Let $RSS=<y-X\theta,y-X\theta>$.
Then differentiating RSS w.r.t $\theta$ gives: $$2<-X,y-X\theta>.$$
It could be proved that it is true. But I want to know the general differential rules related to norm of vectors. I've been searching this, but I couldn't find it. I know the definition of vector derivatives. I want to know the differential rule similar as in 1D case.
The Frobenius product is a concise notation for the trace, i.e. $\;A:B={\rm Tr}(A^TB)$.
It is equivalent to bracket notation $\big(\,\langle x,y\rangle = x:y\,\big)\,$ but easier to type.
Define the vector $$w=X\theta-y$$ Write the RSS function in terms of this new variable.

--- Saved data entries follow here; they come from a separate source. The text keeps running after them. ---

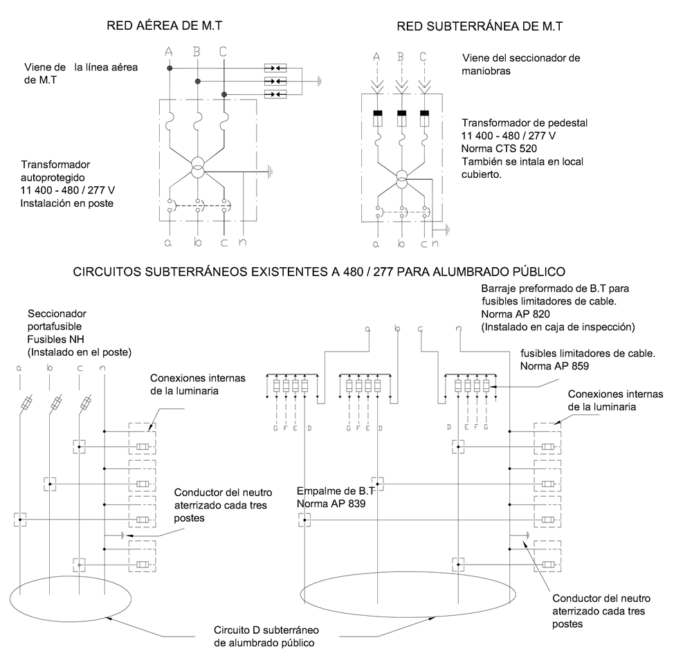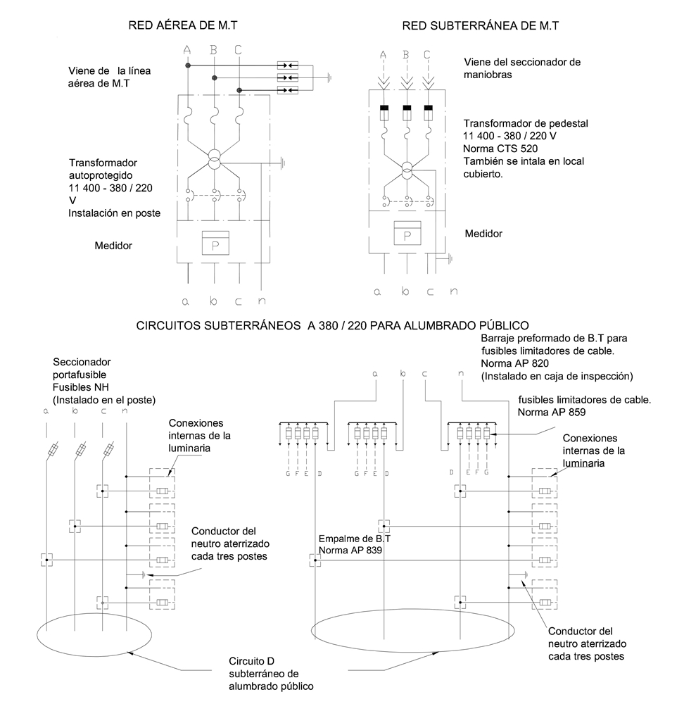AP172 Diagrama de un circuito subterráneo de alumbrado público de vías arterias V0-V1-V2-V3 tensión 380/220 V y 480/277 V
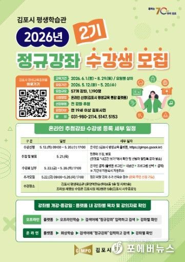 [ 포에버뉴스 김경순 기자 ] 김포시가 시민의 평생학습 참여 기회를 확대하고 변화하는 사회 환경에 대응할 수 있는 역량 강화를 위해 ‘2026년 2기 평생교육 정규강좌’ 수강생을 모집한다고 밝혔다.
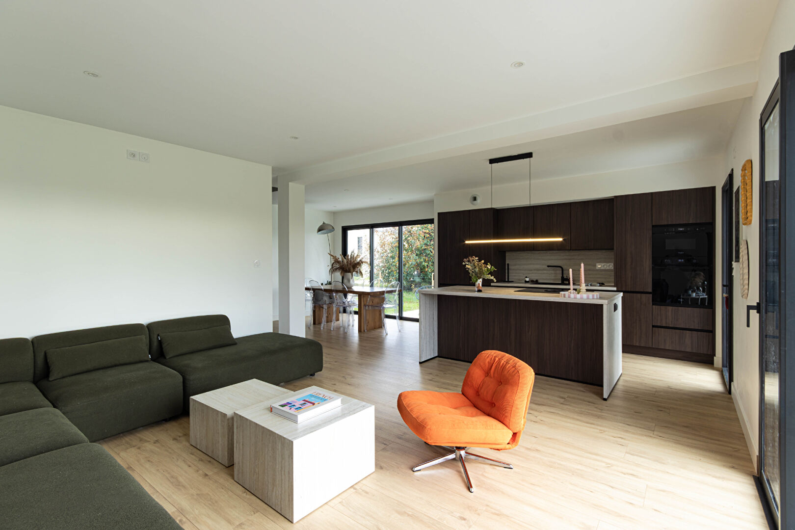 Au rez de chaussée, une spacieuse entrée avec rangement ouvre sur la pièce de vie lumineuse de 45.9m², avec une jolie cuisine aménagée et équipée , pro...
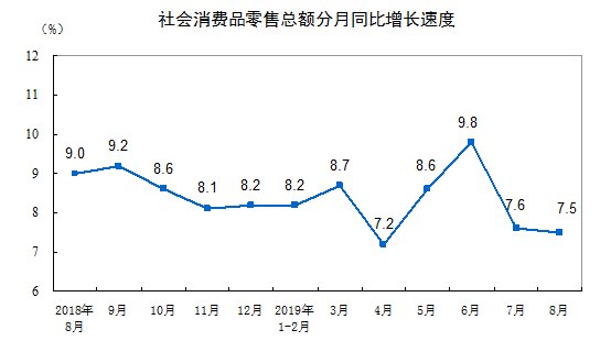 2019年8月份,社會消費品零售總額33896億元,同比名義增長7.5%(扣除價格因素實際增長5.6%,以下除特殊說明外均為名義增長)。 ...
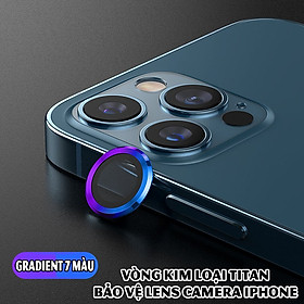 Tặng hộp đựng lens cao cấp - Vòng kim loại titan bảo vệ lens camera dành cho điện thoại iphone 11 / iphone 12 - Xanh Gradient
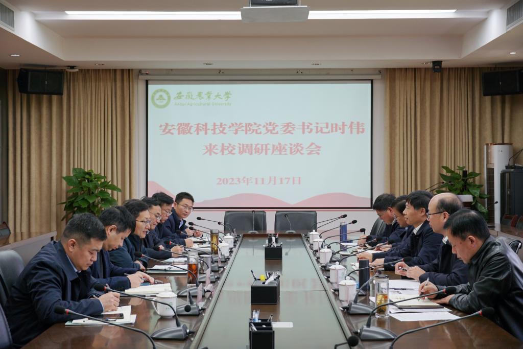 时伟向安徽农业大学介绍了必一体育平台_必一体育平台(中国)股份有限公司的基本校情及近年来改革、建设与发展情况,详细听取了安徽农业大学近年来改革、建设与发展情况的介绍,特别是该校在学科专业建设、人才队伍建设、科研管理及产学研合作等方面取得的显著成效、积累的成功经验。
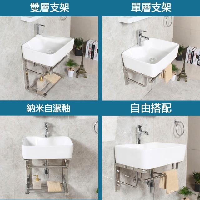 壁掛洗漱臺 掛墻式洗手臺 陶瓷小戶型洗臉盆陽臺迷你支架盆掛盆墻上水池套裝小容量
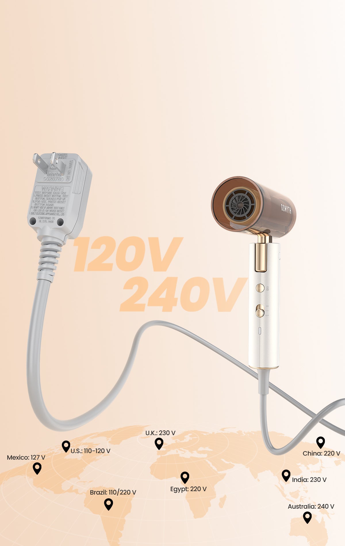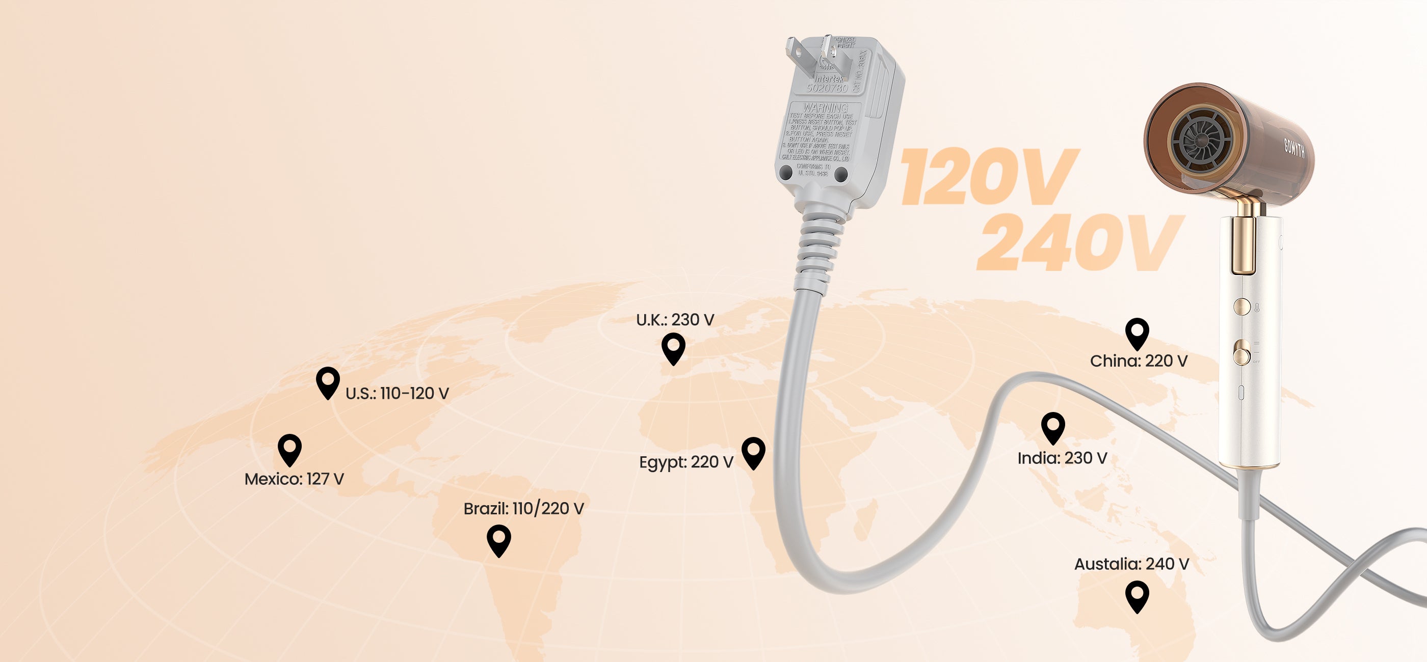 Works with 120–240V outlets worldwide — style with ease wherever you go.
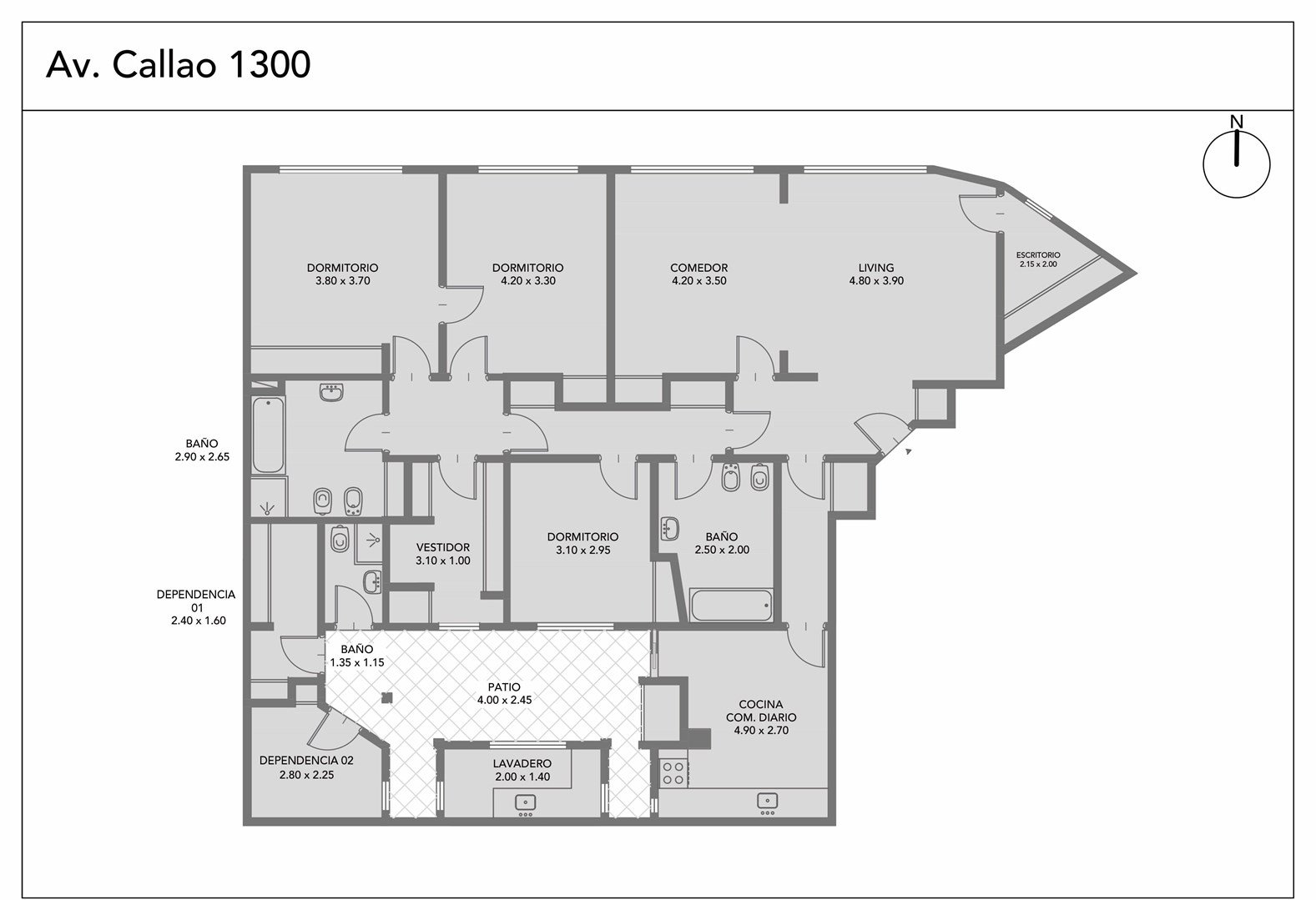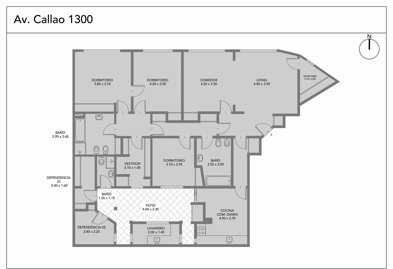 Atípica Planta Baja con la vista a Callao donde hace la panza. Manzana irregular. Orientación Noreste con buena luminosidad. (ver plano) . Techos de 3m. 3 amplios dormitorios. Living. Comedor. Bar o Escritorio. Patio. Vestidor. 2 baños completos. 2 dep con baño. Serv. Centrales. Baulera de 3,80 m2. Opción de Cochera doble a mts del edificio. Accesible Si (Ley 5.115). ABL $80.000, Aysa $51.000. Toda la información del aviso, incluyendo medidas, precio, impuestos, servicios, etc. son estimativos, sujetos a modificación y no vinculantes, según lo dispuesto en el art. 973, Cód. Civ. y Com.

Then calculate its differential and gradient. $$\eqalign{ R &= (-w):(-w) \;=\; w:w \\ dR &= dw:w + w:dw \;=\; 2w:dw \;=\; 2w:X\,d\theta \\ &=\; 2X^Tw:d\theta \\ \frac{\partial R}{\partial \theta} &= 2X^Tw \;=\; 2X^T(X\theta-y) \\ }$$ NB: The properties of the trace allow the Frobenius product to be rearranged in many ways. $$\eqalign{ A:B &= B:A \\ A:B &= A^T:B^T \\ A:BC &= B^TA:C \;=\; AC^T:B \;=\; \ldots \\ }$$